The white suit. When commissioner De Roller (Benoît Magimel), an official of France working in Tahiti, rides on a boat towards a surfing competition as part of his duties, he waves to a couple of people on the shore. It struck me how the white suit De Roller constantly wears in Pacifiction (2022), which seems both suave in a Bryan Ferry kind of way and also harkening back to classic French colonialism, is an iconic look. He wants to be noticed on the island, even from afar across the water. A recognisable look as he makes diplomatic rounds. Magimel is a handsome guy but he also seems a bit out to pasture, robust and slightly corpulent, which completely suits this character, continually snacking as he sits down to meetings, knocking back drinks at bars.
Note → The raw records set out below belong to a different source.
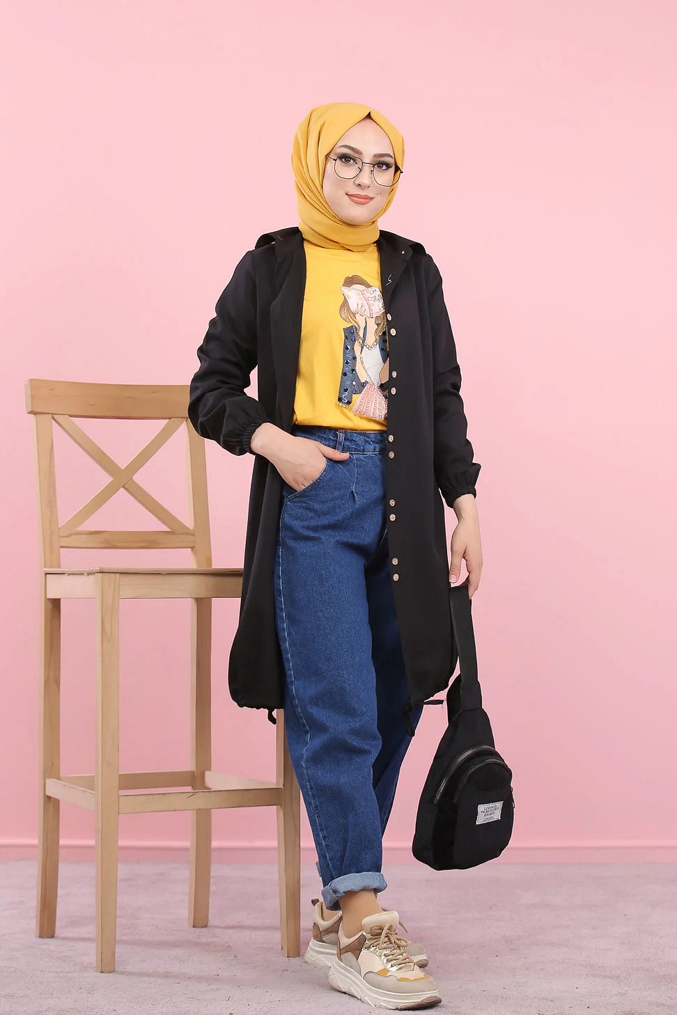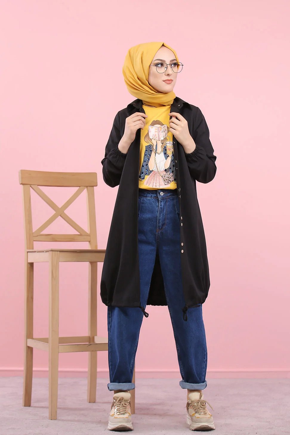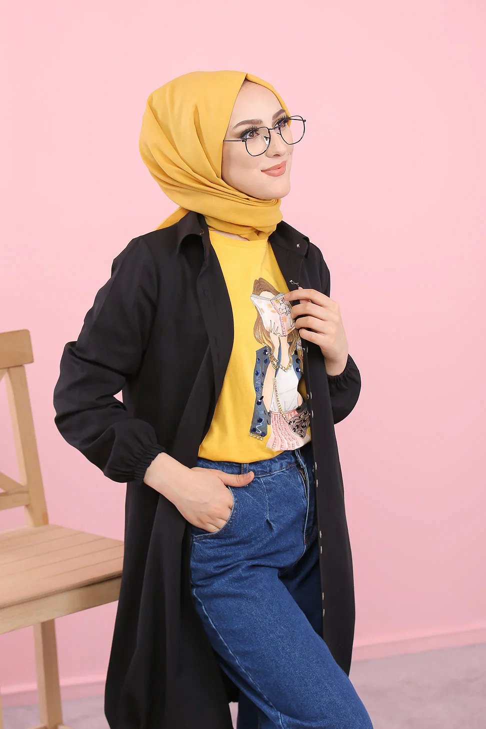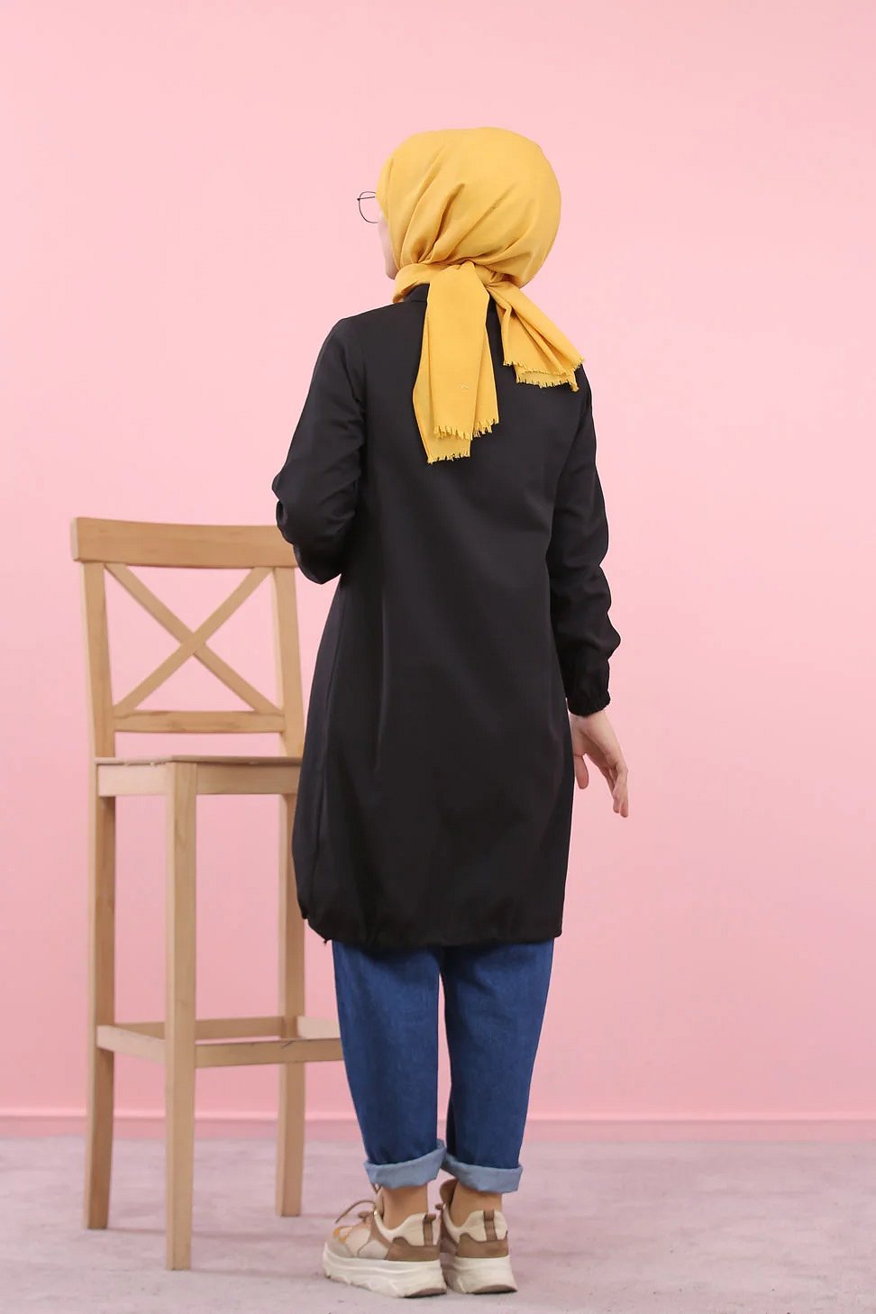 Tunique-Chemise ample boutonnée pour femme (Vetement Hijdab décontracté) - Couleur noir Vetement & Accessoire
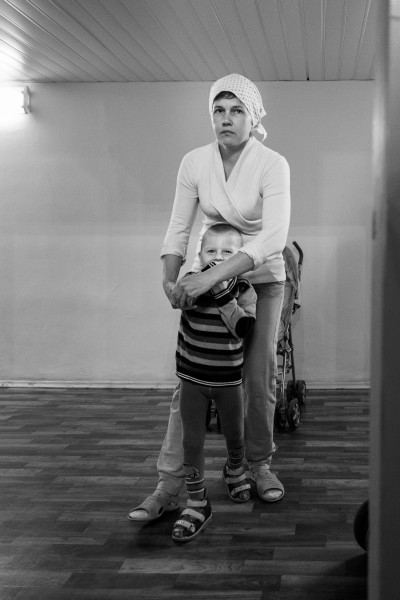 Следом приходят Ирина и Максим. Они лежат в НПЦ два-три раза в год и каждый раз стараются попасть на богослужение. Мама оставляет коляску в коридоре, садится в храме на скамейку. Но во время чтения Евангелия встает. Она держит сына на руках, видно, что ей тяжело, спина напряжена. Но она не садится.
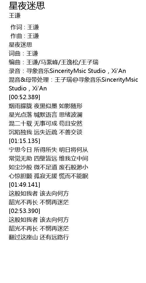 | [00:46.886] | hun yin mu dai chu li: wang zi rui xun xiang yin yue Sincerity sic Studio, Xi' An |

He also continually wears tinted shades, even indoors, with an open tropical shirt, and we follow his shaded/shady perspective for the near three hour length of this languid epic.
I was compelled to watch Pacifiction after watching a few interviews with director Albert Serra and hearing about his signature approach to filmmaking. He shoots with three digital cameras for coverage, and there’s no direct communication between cast and crew. Scenes are open for actors to inhabit without hitting marks, and he even discussed how Magimel was not given the full script, and would often be fed lines through an earpiece – not so much because the actor didn’t learn his lines – but a conscious move to have the actor in a state of arrested concentration. As we observe De Roller move from night club to official meetings and receptions, eventually hearing rumours of the French government resuming nuclear testing on the island, and becoming increasingly paranoid that he is being slighted by this, past the hour mark I understood that the movie wouldn’t have any action per se, or any conventional release of tension. Everything is at a low boil as De Roller wanders the frame, often alone in a master shot. Pink hues of sunset, lush greens of the vegetation, the rolling waves of the blue water. Often tinted in post-production. A lone figure in a postcard landscape, smoothing his hair back, smiling to himself, trying to see evidence of a secret submarine through binoculars.
With French sailors congregating in a nightclub called Paradise, the staff in briefs and underwear, white cotton and silk translucent in the purple neon lights, there’s an aura of seediness in Pacification. But the film never shows anything directly, implying through sound and oblique angles. Magimel is a fantastic presence, a tour guide into powerlessness, and the foreboding vibes grow in the final act as we seem stuck in an endless night of exhaustion and suspicion. Keep the suit jacket on, mon ami, even as the sweat collects upon your forehead.
Available to stream on Mubi (US). Recommended.